Emerge un quadro positivo di interesse verso questi prodotti, ritenuti salutari dai consumatori, tant’è che tra i retailer, il 47% ritiene che sia abbastanza positivo l’effetto della dicitura “ad alto contenuto di fermenti lattici” sulle vendite. “La dinamica è positiva -dice Colussi- e conferma l'interesse della gdo verso fermenti lattici e probiotici”. Tra il 53% (per la mdd) e il 56% (per l'idm) degli intervistati tra i manager della gdo li ritiene abbastanza importanti nella composizione dell’assortimento: Nessuno crede che la loro crescita si arresterà: “La presenza di fermenti lattici e probiotici -evidenzia Colussi- comincia ad essere un elemento nella selezione assortimentale”. Negli ultimi 12 mesi la vendita di prodotti lattiero caseari con alto contenuto di probiotici e fermenti lattici è stata molto positiva per il 24% del campione, abbastanza positiva per il 47%.

Marilena Colussi, ricercatrice

Gdo: strategie per i fermenti lattici e probiotici

Come cambiano gli assortimenti nel retail riguardo i latticini con contenuto di fermenti lattici e probiotici? “È la grande sfida -spiega Paola Fuochi, direttrice category management di Crai Secom-: gli yogurt, in particolare funzionali, devono essere una categoria di destinazione, con un assortimento più ampio e profondo. Questo è un primo passo. La base dell’innovazione è nel prodotto dell’industria di marca, per differenziarsi serve r&d nella marca del distributore”. Utile poi l’esame dei dati per avvicinare il consumatore a questa categoria, grazie a uno studio delle carte fedeltà, passando poi a proposte mirate.

Per valorizzare i latticini nella private label serve caratterizzare il prodotto, inserendolo in linee dedicate al benessere. In Selex “abbiamo deciso -evidenzia Luca Pirino, buyer mdd latticini e formaggi di Selex- di inserire lo yogurt da bere nella linea salutistica Vivi Bene Selex, togliendolo da quella mainstream. Le vendite sulla mdd sono molto aumentate, a tripla cifra. Abbiamo analizzato molto le nostre mdd, facendo selezione, per esempio su un prodotto come il kefir”.

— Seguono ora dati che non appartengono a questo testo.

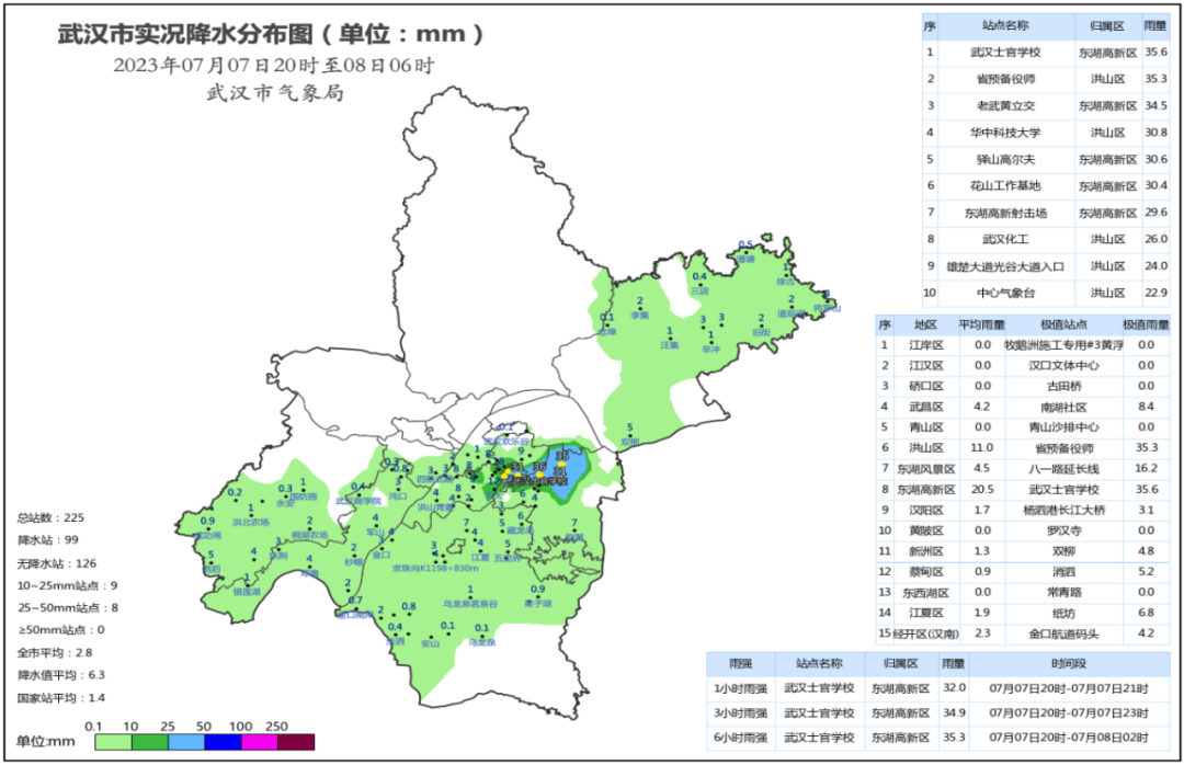 最大累计雨量为东湖高新区武汉士官学校站35.6毫米最大小时雨强为东湖高新区武汉士官学校站32.0毫米最大阵风为长江二桥站16.5m/s(7级)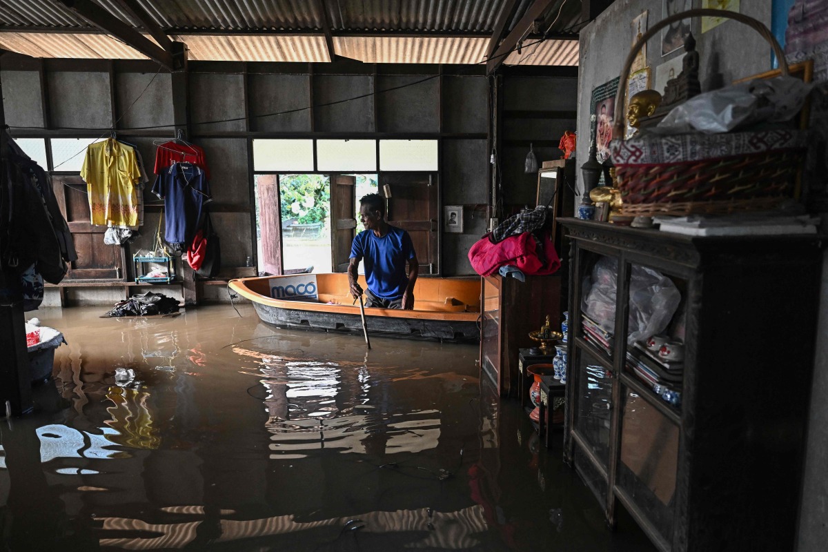 Thai retiree Somkid Kijniyom, 69, sits on a boat inside his flooded home in Bang Ban district in the central Thai province of Ayutthaya on November 14, 2025. (Photo by Lillian SUWANRUMPHA / AFP)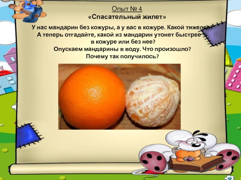 А теперь отгадайте, какой из мандарин утонет быстрее —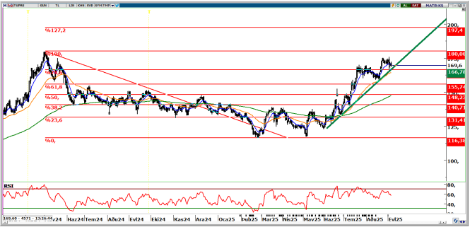 166.50 üzerinde oluşan her gerilemeyi teknik düzeltme olarak okuyarak kısa vadede 170.70 ve 180.00 ara dirençlerini izlemeyi sürdüreceğiz. Gelişmelere bağlı olarak biraz daha orta vadeli bir yapıda 197.40 seviyesi de hedef olarak kalmaya devam ediyor. 166.50 desteğinin aşağısında kapanışlarda zarar kes uygulanması gerektiğini düşünüyoruz.
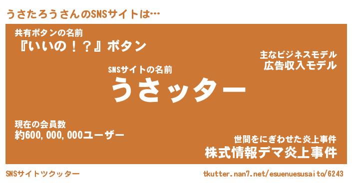 | 胡散臭い通販商品みたいなあだ名 | 『億万長者になれるブレスレット…その名も「うさたろう」』 |
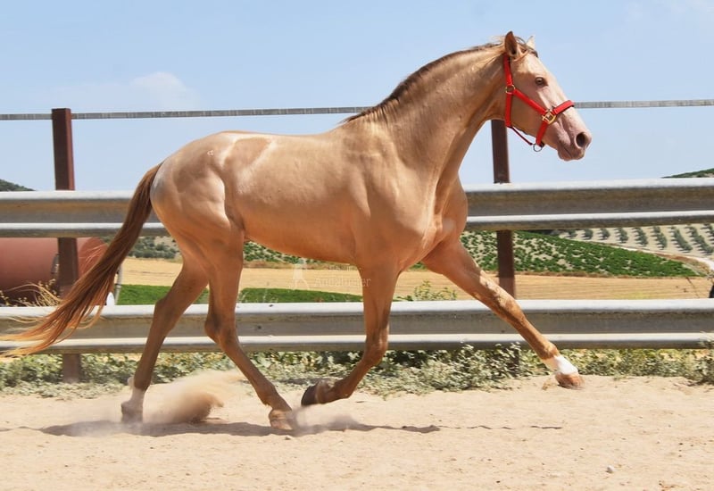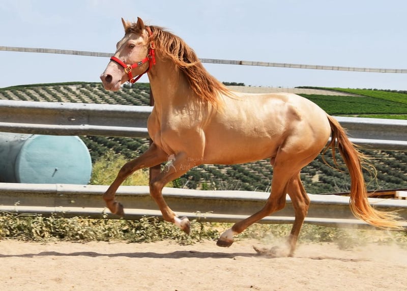 lieber ruhiger Charakter, neugierig, verspielt, verschmust, in den Grundgangarten geritten, Gelände, groß, barock, bequem, gekört, Deckhengst, spezielle Farbe, Baya Perla (CrPrl) mit PRE Papieren, gute Röntgen und Piro negativ, Abstammung: Antonio Guiral Guarga, Castillo Villafranca, Paco Marti www.elegante-andalusier.com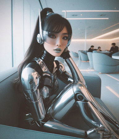 #photorealistic #scifi #body #beauty #android #cyborg #dreamshaper #girl #pinupgirl #purple #robot #robotization #sofa #suit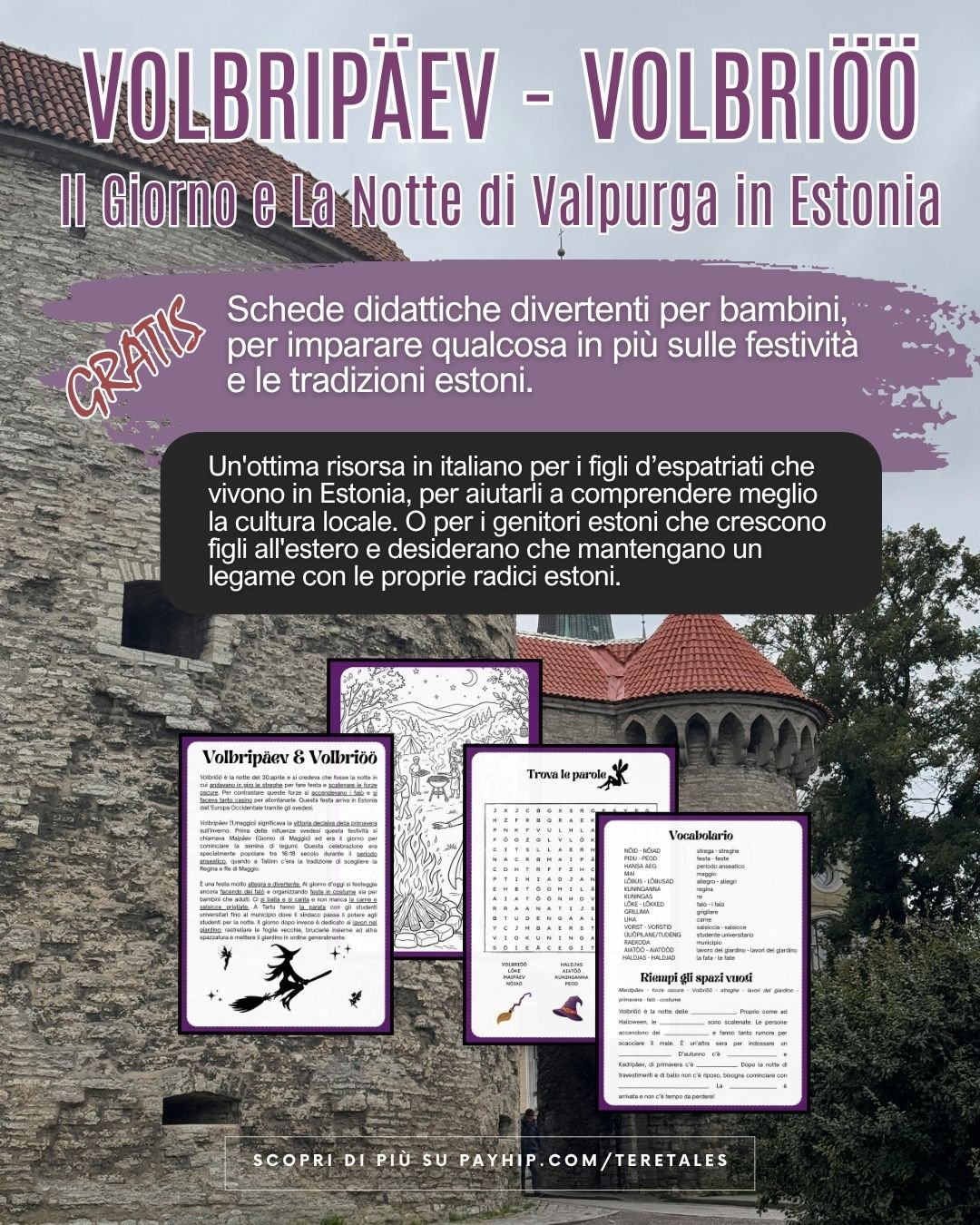 Queste schede didattiche sulla festività estone di Volbripäev/Volbriöö sono un'ottima risorsa in italiano per i figli degli espatriati che vivono in Estonia, per aiutarli a comprendere la cultura e ad integrarsi meglio. Oppure per i genitori estoni che crescono figli all'estero e desiderano che mantengano un legame con le proprie radici estoni.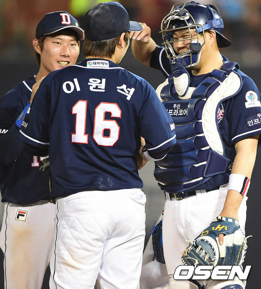 경기 종료 직후 9회 극적인 동점 스리런을 날린 두산 이원석과 고영민-양의지가 인사를 나누고 있다./dreamer@osen.co.kr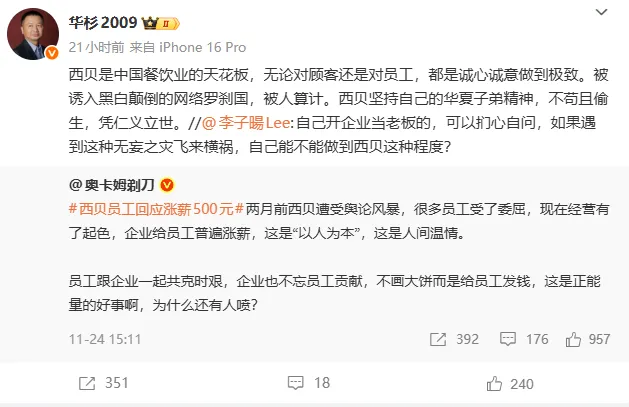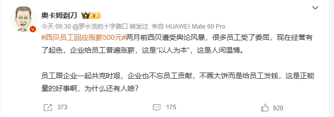 比如有博主表示:两月前西贝遭受舆论风暴,很多员工受了委屈,现在经营有了起色,企业给员工普遍涨薪,这是“以人为本”,这是人间温情。员工跟企业一起共克时艰,企业也不忘员工贡献,不画大饼而是给员工发钱,这是正能量的好事啊,为什么还有人喷?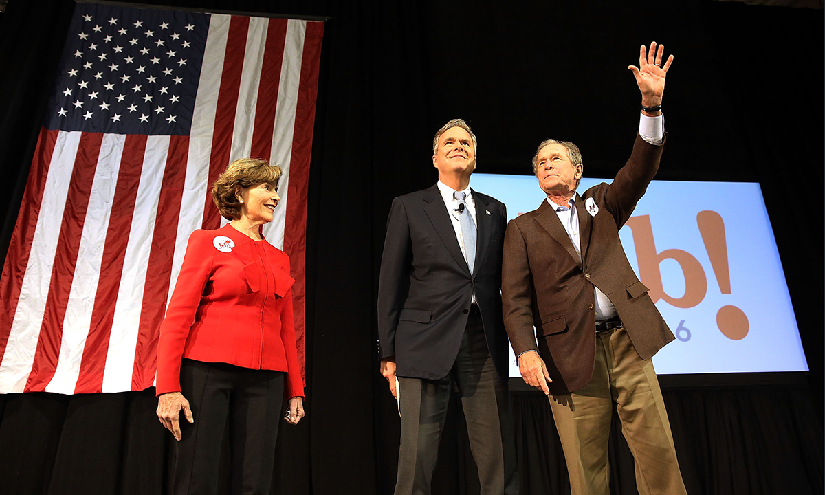 15 febbraio 2016. Il candidato repubblicano Jeb Bush con il fratello, l’ex Presidente George W. Bush e l’ex First Lady Laura Bush durante un evento elettorale a North Charleston, in South Carolina.

“Anche il confezionamento -chiarisce Andrea Bellini, category buyer lattiero caseario libero servizio di Conad Nord Ovest- ha un ruolo molto importante, sia per i produttori che per i distributori. Il packaging dei prodotti lattiero caseari con probiotici deve riportare i claim salutistici in evidenza. Servono pack più chiari per avere maggiore fiducia (e fidelizzazione) da parte dei consumatori”.

“L’aspetto del benessere su alcune merceologie è centrale -illustra Enrico Moda, senior buyer mdd freschi e surgelati di Decò Italia-, non è solo un trend: la ricerca di salutismo, durerà. Alcuni derivati del latte sono naturalmente salutari. È importante l’informazione per il consumatore, che purtroppo oggi è deficitaria: lo spazio su una confezione d’altronde è poco”.

Parola all’idm: la view di Granarolo

Fabio Beninati, r&d manager di Granarolo

La ricerca e sviluppo di Granarolo si concentra su temi come l’allungamento della shelf life dei latticini. “Certi prodotti, ad esempio lo yogurt -spiega Fabio Beninati, r&d manager di Granarolo-, possono essere ripensati in termini di occasioni di consumo, che possono essere ampliate. Lo yogurt greco ora è molto attraente, essendo naturalmente ricco di proteine. Uno yogurt denso e compatto può essere un sostitutivo della maionese in cucina”. La sfida è ora quella di riuscire “a comunicare la presenza di ingredienti particolari -continua Beninati-, il tutto in un pack sostenibile”.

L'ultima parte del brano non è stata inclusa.